_EXERCISE BRIEF_
Leave the images aside and copy out the whole listing, exact to the word.

_RAW DATA_
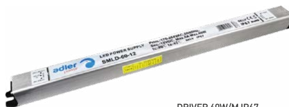
DRIVER 60W/M IP67
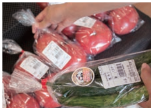
池田町の厳しい審査に合格した有機野菜

まちの駅こつてコテ いけだで、池田町産の 夏野菜を調達。カフェ モクモク駐車場に車を 停め、足羽川遊歩道に

_YOUR SOLUTION_
DRIVER 60W/M IP67
池田町の厳しい審査に合格した有機野菜

まちの駅こつてコテ いけだで、池田町産の 夏野菜を調達。カフェ モクモク駐車場に車を 停め、足羽川遊歩道に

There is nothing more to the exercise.